Alex Partners advised clients in a recent note that international and domestic freight rates will increase due to volume growth. For example, ocean container rates rose more than 70 percent in 2018 after Trump imposed tariffs on Chinese imports.
But this price trend may only be short-term, and the long-term outlook “less optimistic,” he wrote. “Trump’s high tariffs discourage imports, reducing shipment volumes and consequently shipping rates,” the report said.
S&P Global Market Intelligence said Trump’s economic and international policies could lead to another round of restructuring of global supply chains.
The U.S. trade deficit with mainland China stood at $287 billion in the 12 months to Sept. 30, 2024, according to an S&P Global report, down 18.7 percent from 2021 but still the largest individual deficit with any country.

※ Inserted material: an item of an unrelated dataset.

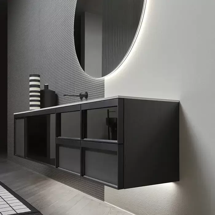 Antonio Lupi Bemade Комплект подвесной мебели с тумбами под раковину, раковиной PODIO90, зеркалом с подсветкой, 90 см, цвет: Rovere Ardesia
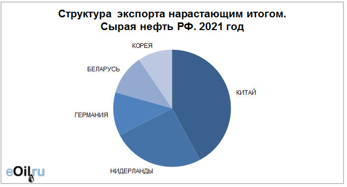 Структура экспорта сырой нефти из России нарастающим итогом по годам

Chinese manufacturing moving to Mexico has surged under the terms of the Trump-negotiated USMCA trade deal, a legal gateway to the U.S. without tariffs that Trump is expected to reshape in his second term. More companies have also set up shop in countries like South Korea, Vietnam and Malaysia, which could also face tariff actions. As of September, Vietnam’s trade deficit with the U.S. was 30.6 percent higher than the 2021 level in the previous 12 months.
Compared with 2021 levels, mainland China’s trade surplus with Vietnam increased 25.1 percent in the 12 months to September, according to Chinese customs data.. According to S&P Global Market Intelligence, China’s trade surplus with Vietnam widened to $11 billion, compared with a US trade deficit with Vietnam of $28 billion. S&P Global has warned of an increase in trade risks related to Vietnam given its relationship with China.